* [Activity]
Your task is to copy the lines of the data below from the line holding "Suas partes metálicas" through the line holding "2024年4月18日上午,河", inclusive, exactly and with nothing added.

* [Data to use]
--

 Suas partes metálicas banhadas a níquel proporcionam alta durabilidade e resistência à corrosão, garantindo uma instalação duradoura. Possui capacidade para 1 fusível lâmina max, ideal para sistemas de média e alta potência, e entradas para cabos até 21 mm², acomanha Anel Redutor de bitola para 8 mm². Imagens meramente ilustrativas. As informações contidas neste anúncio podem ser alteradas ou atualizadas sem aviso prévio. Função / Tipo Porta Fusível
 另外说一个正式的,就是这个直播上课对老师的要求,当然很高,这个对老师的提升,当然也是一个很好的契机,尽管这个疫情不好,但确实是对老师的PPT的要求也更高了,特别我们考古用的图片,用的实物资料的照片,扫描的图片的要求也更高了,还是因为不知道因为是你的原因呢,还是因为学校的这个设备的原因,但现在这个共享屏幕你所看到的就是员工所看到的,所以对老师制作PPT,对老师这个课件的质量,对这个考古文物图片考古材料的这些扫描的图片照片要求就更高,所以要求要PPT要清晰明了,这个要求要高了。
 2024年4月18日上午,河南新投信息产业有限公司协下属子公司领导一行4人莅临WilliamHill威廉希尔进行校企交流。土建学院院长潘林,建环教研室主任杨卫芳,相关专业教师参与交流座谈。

--

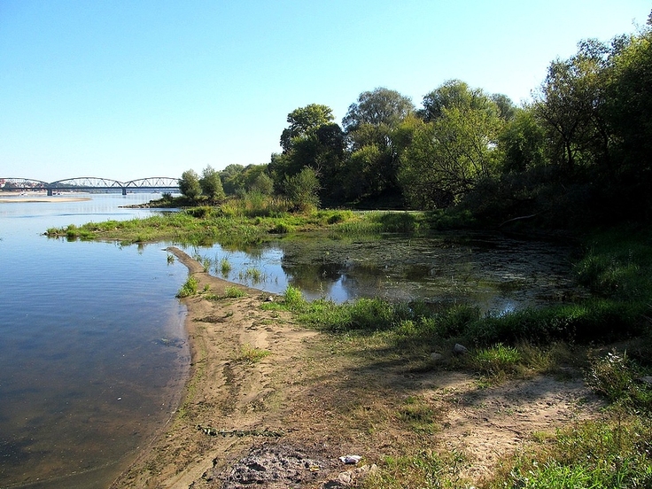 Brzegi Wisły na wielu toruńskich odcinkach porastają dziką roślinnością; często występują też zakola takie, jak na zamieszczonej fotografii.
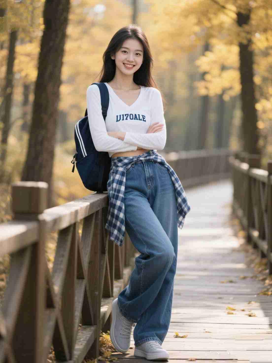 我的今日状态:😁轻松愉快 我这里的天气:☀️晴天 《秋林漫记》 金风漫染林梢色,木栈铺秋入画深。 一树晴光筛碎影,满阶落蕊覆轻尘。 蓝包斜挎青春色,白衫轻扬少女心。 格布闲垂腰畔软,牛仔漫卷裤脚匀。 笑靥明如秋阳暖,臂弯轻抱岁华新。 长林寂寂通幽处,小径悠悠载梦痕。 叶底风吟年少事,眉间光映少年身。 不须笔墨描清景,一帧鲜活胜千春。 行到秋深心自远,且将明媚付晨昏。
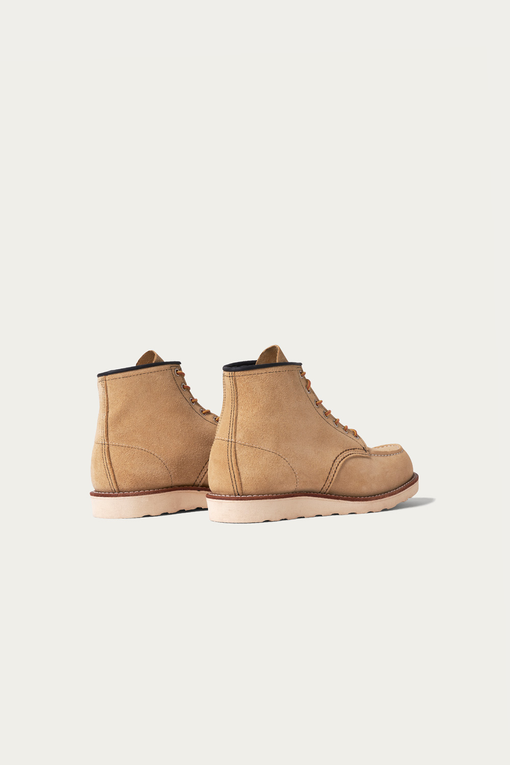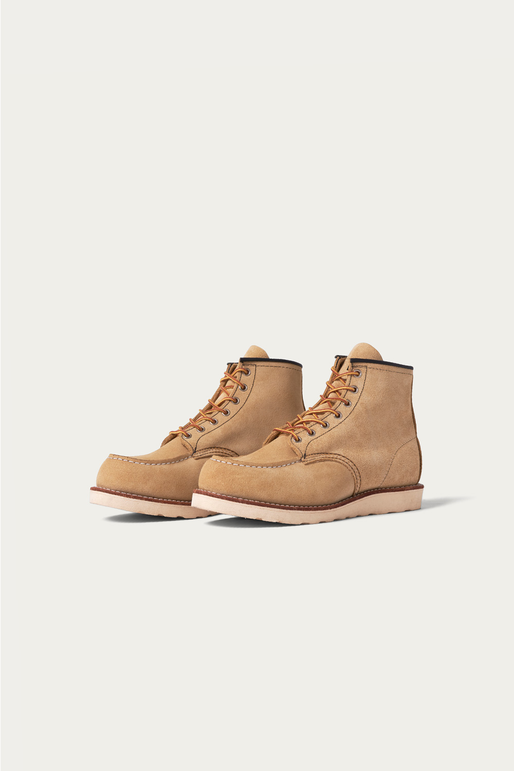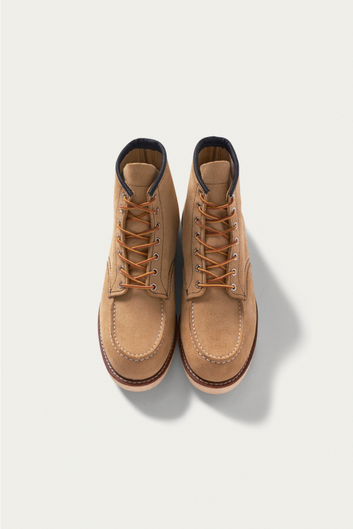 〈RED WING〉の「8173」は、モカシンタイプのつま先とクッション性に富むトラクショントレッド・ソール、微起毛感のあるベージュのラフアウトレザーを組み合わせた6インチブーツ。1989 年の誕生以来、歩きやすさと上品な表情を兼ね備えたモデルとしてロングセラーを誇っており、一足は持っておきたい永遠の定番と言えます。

--

* [Exercise output]
 Suas partes metálicas banhadas a níquel proporcionam alta durabilidade e resistência à corrosão, garantindo uma instalação duradoura. Possui capacidade para 1 fusível lâmina max, ideal para sistemas de média e alta potência, e entradas para cabos até 21 mm², acomanha Anel Redutor de bitola para 8 mm². Imagens meramente ilustrativas. As informações contidas neste anúncio podem ser alteradas ou atualizadas sem aviso prévio. Função / Tipo Porta Fusível
 另外说一个正式的,就是这个直播上课对老师的要求,当然很高,这个对老师的提升,当然也是一个很好的契机,尽管这个疫情不好,但确实是对老师的PPT的要求也更高了,特别我们考古用的图片,用的实物资料的照片,扫描的图片的要求也更高了,还是因为不知道因为是你的原因呢,还是因为学校的这个设备的原因,但现在这个共享屏幕你所看到的就是员工所看到的,所以对老师制作PPT,对老师这个课件的质量,对这个考古文物图片考古材料的这些扫描的图片照片要求就更高,所以要求要PPT要清晰明了,这个要求要高了。
 2024年4月18日上午,河南新投信息产业有限公司协下属子公司领导一行4人莅临WilliamHill威廉希尔进行校企交流。土建学院院长潘林,建环教研室主任杨卫芳,相关专业教师参与交流座谈。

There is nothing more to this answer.